To me the central thing about math is that it is platonism-reified.

When a mathematician does mathematics what they are doing is performing that reification.

Note the fine dance that's already in evidence here:

• The mathematICS lives in the platonic realm
• Doing the math is in the empirical realm
• The mathematiCIAN is a dancer between the two

# Longer version

While we are here primarily talking of platonism1 in math we need to start at least a bit with Platonism by itself ie. Plato qua Plato.

## Platonism

A very brief graphical outline of Platonism is this.

Its broad contours may be described thus:

• We inhabit two worlds
• called by Plato — the sense-ible and the intelligible worlds
• called after Plato — the physical and the Platonic
• in more modern terminology — the Empirical and the Rational
• The physical is what we directly see/perceive but is just shadow, not real. The intelligible that we don't see but is the real can — if we try and are rightly educated — be intuited
• Philosophy is that practice (notice the empirical hiding here?) of sharpening those intuitions.

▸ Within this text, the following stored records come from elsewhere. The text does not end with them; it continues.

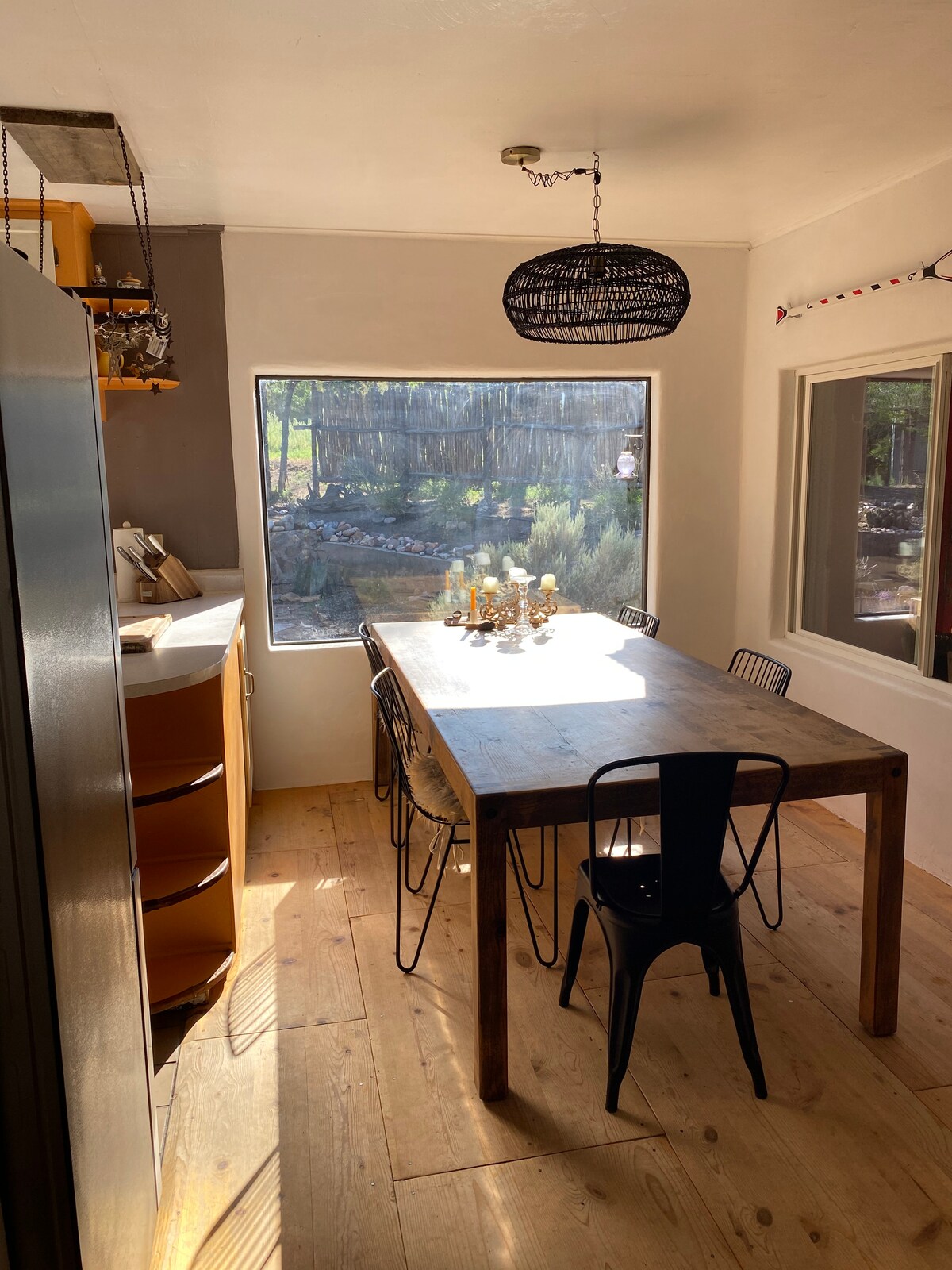 The Ojo Mystico Solar Adobe Ranch House is a magical one of a kind eco-lux retreat located in Ojo Caliente, and Carson National Forest. A spacious 1200 sqft open studio style ranch house sits on 21 acres with the most enchanted views anywhere in Northern New Mexico, 5 minutes to Ojo Caliente Hot Springs, peaceful privacy, galactic night skies, fast fiber-optic wifi, large open kitchen, indoor/outdoor hammock chairs, and tranquility able to calm the wildest of spirits, and sooth the heart & soul.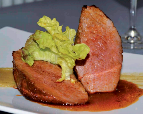 Presa de Ibérico Asada con Crema de Ajo Negro y Miel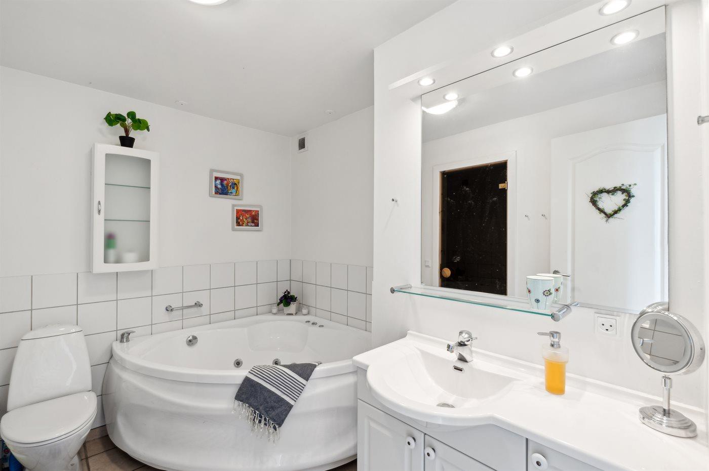 Der er 2 badeværelser med bruseniche og 2 toiletter. Der er gulvvarme på 2 badeværelser.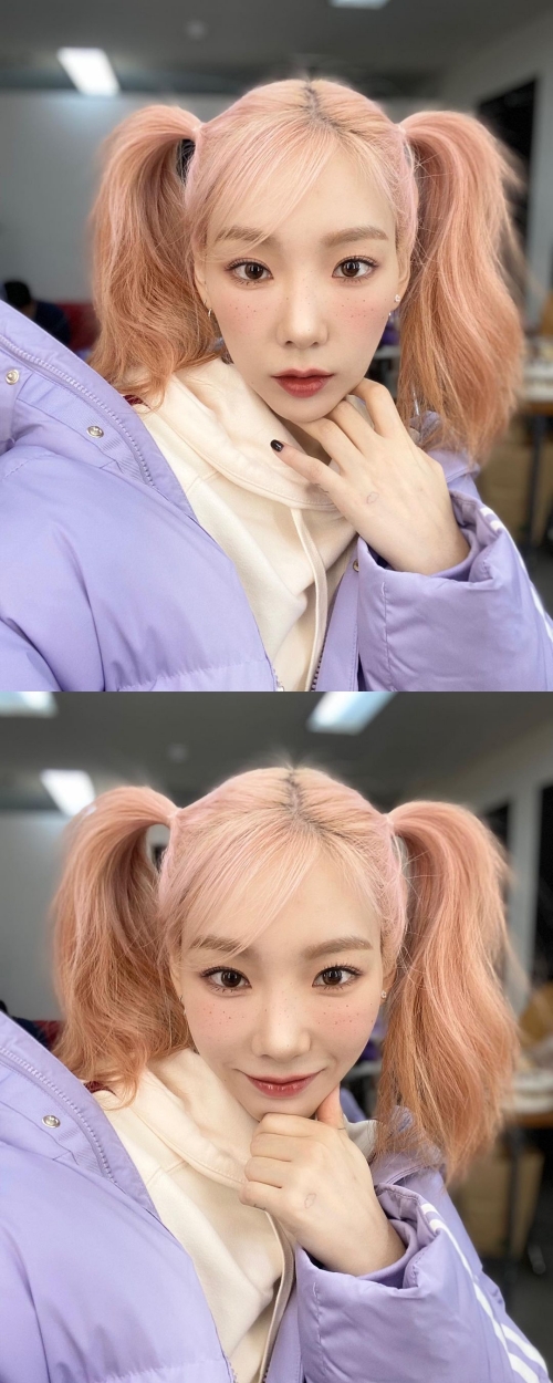 テヨンはクリーム色のパーカーにラベンダカラーのダウンコートを羽織りながら自撮りをしている。

This understanding is so simple yet overwhelming in its scope that Whitehead said of it:

All of western philosophy is just footnotes to Plato.

It remains 2 millennia later in Kant's phenomenon-noumenon and is sufficiently universal to be found cross culturally, vide Vedanta's Maya-Brahman.

But what does this have to do with math?? you may ask!

Right — Lets hear it from Plato himself. This is the inscription over his academy:

Let none but mathematicians enter here2
Plato

Now this (should) rightly confuse one who's a bit familiar with the history: Plato was a philosopher! Why does he insist on math?

Because just as speaking English, dressing decently, having enough means to commute, buy books etc is a prerequisite to enrolling in a school, the same way according to Plato, math-ability is a prerequisite to philosophical ability.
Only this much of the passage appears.